Colorectal cancer pre-diagnostic symptoms are associated with anatomic cancer site

Background

Signs and red flag symptoms in colorectal cancer (CRC) patients who are below the recommended screening age are often overlooked, leading to delayed diagnosis and worse prognosis. This study investigates how patient pre-diagnostic symptoms are associated with anatomic site of their cancer and whether the association varies by age at CRC diagnosis.

Methods

We ascertained CRC patients’ experienced symptoms and screening through medical abstractions from an ongoing population-based study of CRC patients identified through a SEER cancer registry (N = 626). We used logistic regression to estimate odds ratios and 95% confidence intervals for the association between symptoms and CRC anatomic site. Additional analyses were stratified by age at diagnosis. Early-onset was defined as less than 50 years of age at CRC diagnosis.

Results

Participants who experienced blood in stool were more likely (odds ratio (95% confidence interval)) to have rectal (vs. colon) cancer (4.37 (3.02, 6.33)), as were patients who experienced changes to stool (1.78 (1.21, 2.60)). Patients diagnosed with colon cancer were more likely to present with abdominal pain (0.30 (0.19, 0.47)), anemia (0.40 (0.21, 0.75)), other symptoms (0.33 (0.19, 0.55)) and no symptoms (0.68 (0.44, 1.04)). When stratifying by age at diagnosis, we found that the association between blood in stool and rectal tumor location was particularly pronounced for patients with early-onset CRC (6.48 (2.73, 15.41)).

Conclusions

Common pre-diagnostic red flag symptoms are associated with CRC anatomic site. These findings can inform best practices for gastroenterologist triage of care and early evaluation of CRC and are of key importance given the rise of early-onset (pre-screening age) CRC.

Trial registration

Not applicable to this study and analysis.

In the last few decades, incidence and mortality rates of colorectal cancer (CRC) have been decreasing in those over the age of 50, which can be attributed to increased screening rates [1]. There has been a rise of CRC cases in younger patients resulting in the recommended screening age being lowered to 45 years old in 2020 [2, 3]. However, national compliance for CRC screening is about 70%, which is below the national target of 80% [3, 4]. Even with screening, most CRC cases in the United States are diagnosed because of symptomatic presentation [5]. Recent evidence suggests that delays in referral and diagnosis for patients with symptomatic CRC is associated with a more advanced stage at diagnosis and a worse prognosis [6].

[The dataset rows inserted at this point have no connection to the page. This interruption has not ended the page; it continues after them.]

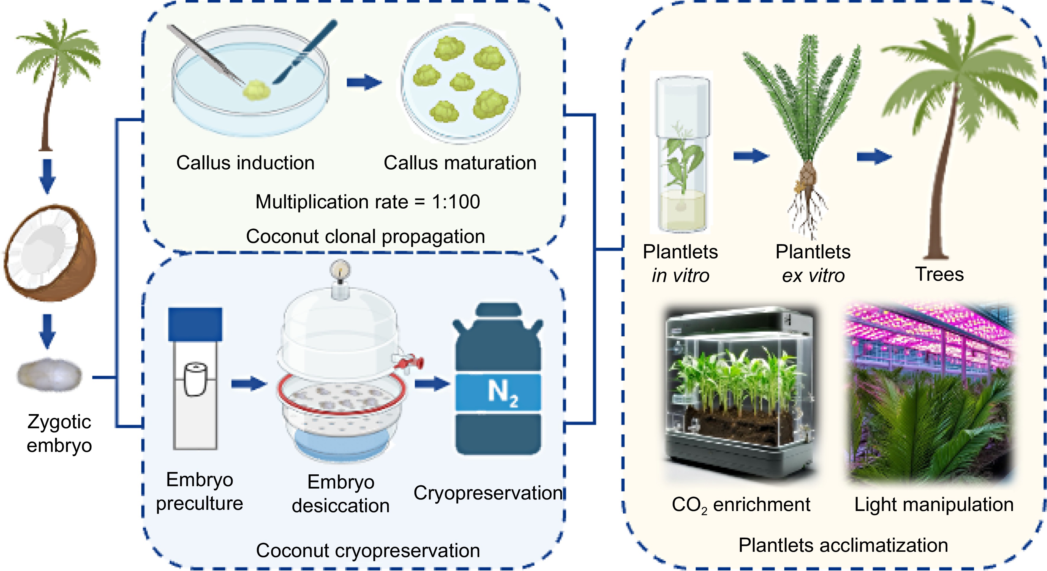 Regarding germplasm collection and precision breeding, a broader collection of diverse coconut varieties from different regions can preserve genetic diversity and uncover unique traits, such as extreme climate resilience and resistance to local pests, which can be crucial for breeding. Molecular breeding of coconut for climate adaptation can be conducted using gene-editing techniques like CRISPR, researchers could directly enhance traits related to climate adaptation—such as salt tolerance, drought resistance, and pest resilience—addressing the need for coconuts to thrive in harsher conditions. Meanwhile, with more rapid phenotyping technologies, breeders could more quickly assess how specific genetic markers manifest as desirable traits in different environments, optimizing the process of selecting and breeding resilient coconuts. In terms of biotechnologies, further development of somatic embryogenesis techniques could allow large-scale production of disease-free, genetically identical plants, essential for maintaining desirable traits in mass propagation. Then developing reliable methods to ensure genetic stability in cloned plants is vital to avoid unwanted mutations and maintain the genetic integrity of key traits during tissue culture. Incorporating genomic data can help identify elite genotypes and improve cloning success by tailoring culture conditions to specific genetic requirements. Finally, efforts to reduce the costs and technical demands of tissue culture could enable larger-scale adoption by farmers, ensuring widespread access to high-quality coconut planting material.
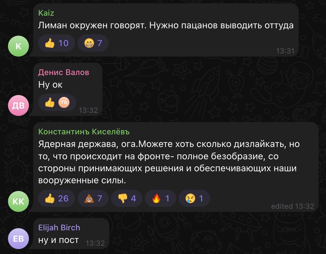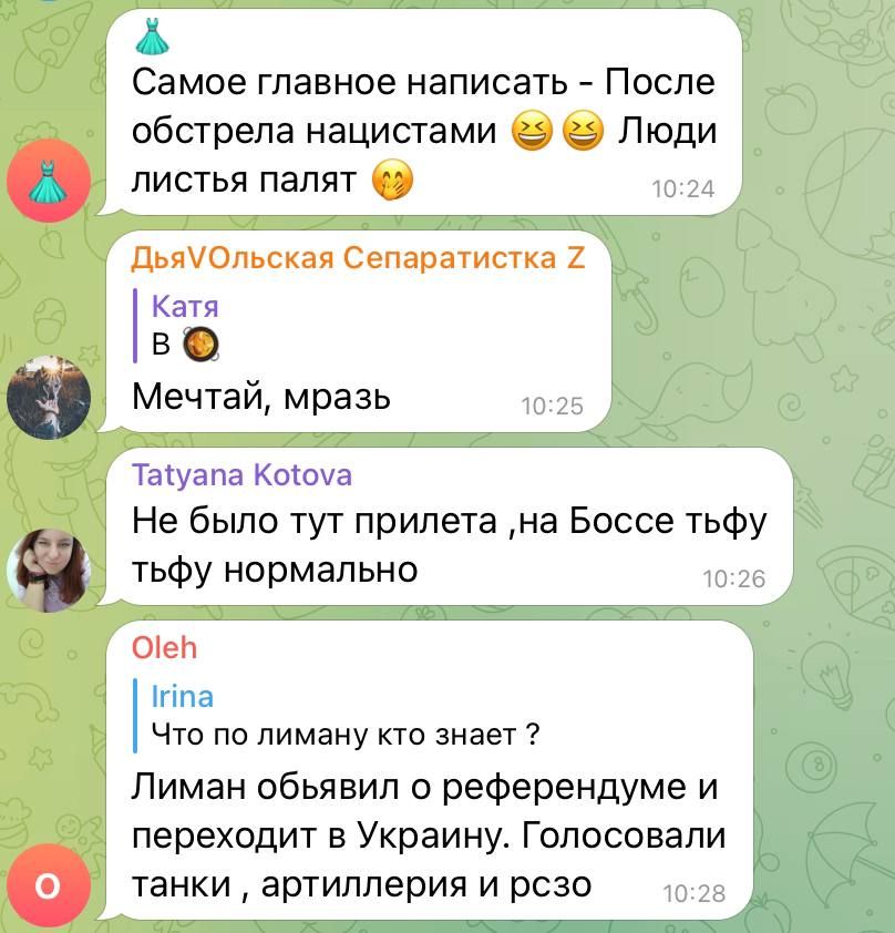 Истерики россиян из-за ситуации в Лимане / Скриншоты
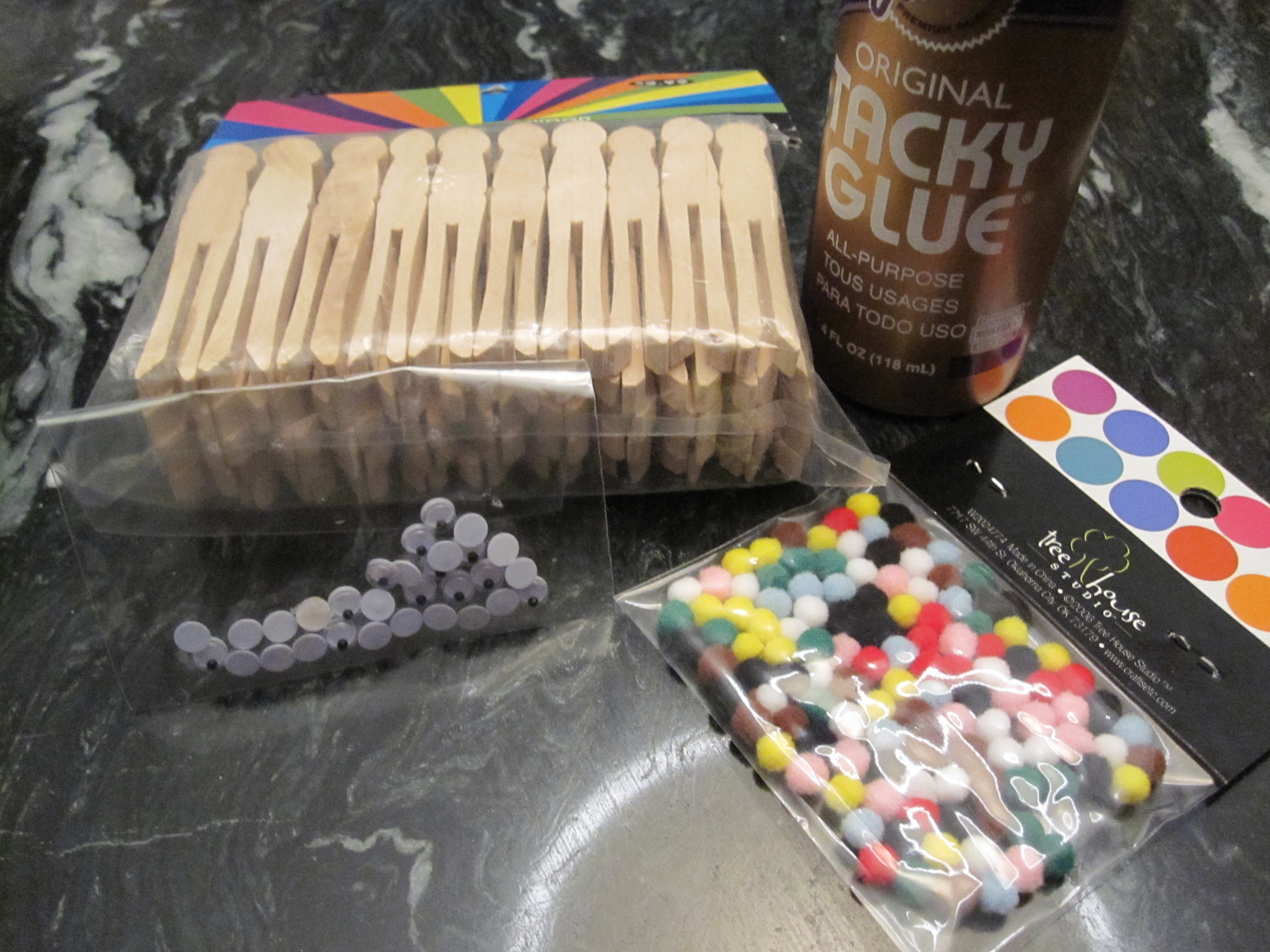Here’s a Christmas craft project that is great to get the kids involved in. To start, you’ll need a package of clothespins, all purpose glue, small oogly eyes, mini pom poms and thin ribbon.
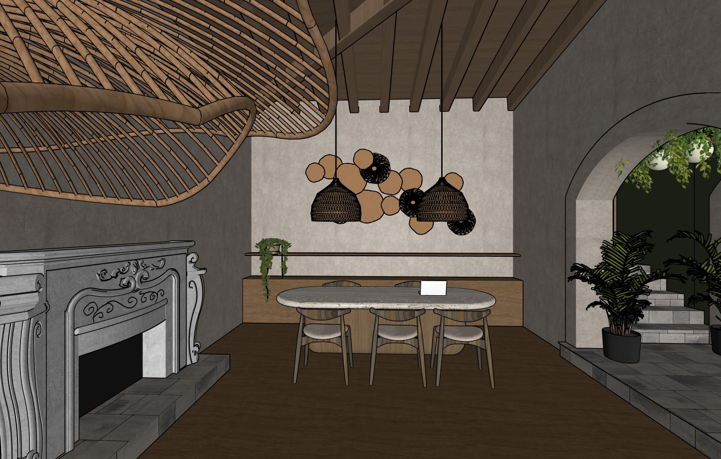 its a cozy work place it has wood floors and the ceiling has wood beams and wood paneling its inspired in a thailand resort add some decor on the shelf and iluminate the ceiling
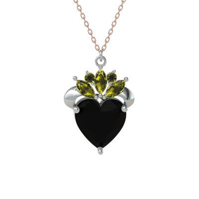 Siyah zirkon ve peridot 8 ayar beyaz altın kolye (40 cm rose altın rolo zincir)
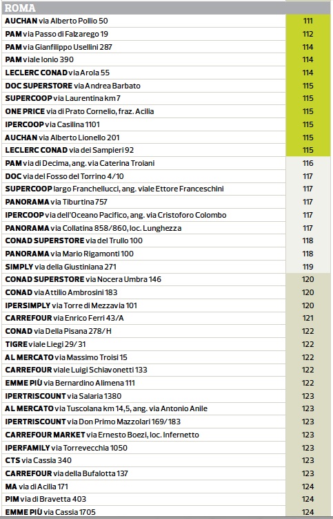 (*) Legenda. Altroconsumo assegna il valore 100 al supermercato più conveniente che quest’anno è il Super Rossetto di Verona, tra i 909 visitati nell’inchiesta. A tutti gli altri viene attribuito un indice superiore. A Roma, per esempio, l’indice 111 attribuito ad Auchan di via Alberto Pollio, essendo il più basso per questa città, indica che i prezzi sono i più convenienti (anche se risultano dell’11% più cari rispetto al supermercato di Verona ). Il valore 128 attribuito a Punto Simply di Piazza Pio IX significa che i listini sono superiori del 17% rispetto al primo in classifica a Roma
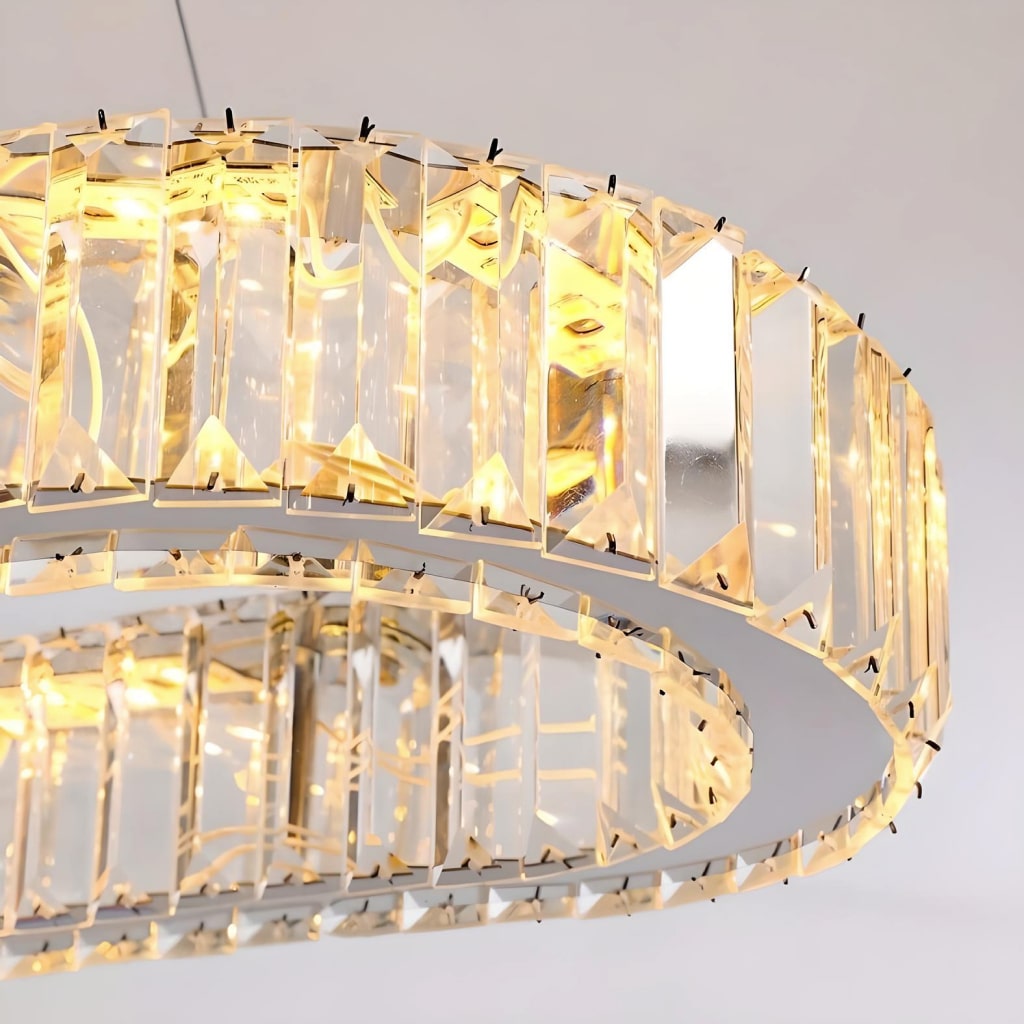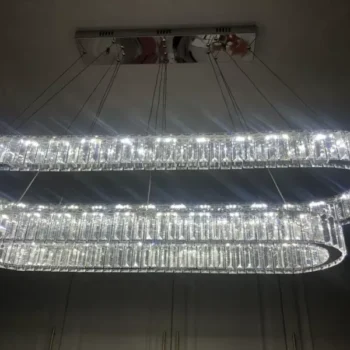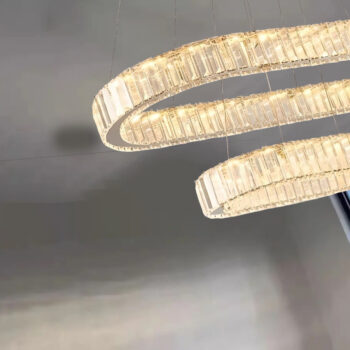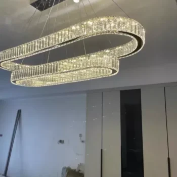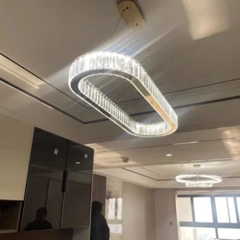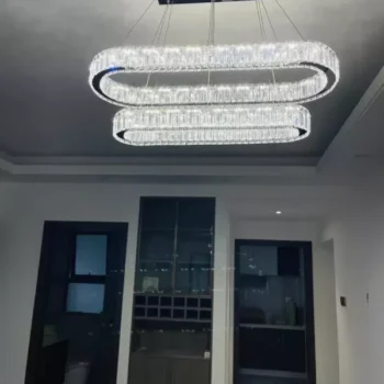 I'm thrilled with this unique, circular crystal chandelier. It was surprisingly easy to install and looks absolutely fantastic. It's a standout piece that enhances the aesthetic of any room it's placed in.

CRC patients younger than the recommended screening age without known risk factors are inherently diagnosed on diagnostic exams prompted by their symptoms rather than through routine, asymptomatic screening [7]. Often, signs and symptoms of CRC in these patients are underreported and overlooked despite their significant presence due to assumptions that these individuals are unlikely to have cancer [8]. Additionally, early-onset CRC patients tend to present with symptoms for a greater duration of time and/or intensity before diagnosis and may have more advanced stages of CRC at diagnosis compared to later-onset CRC patients [9]. Those with delays in cancer diagnosis have been shown to contribute to a poorer chance of survival [6].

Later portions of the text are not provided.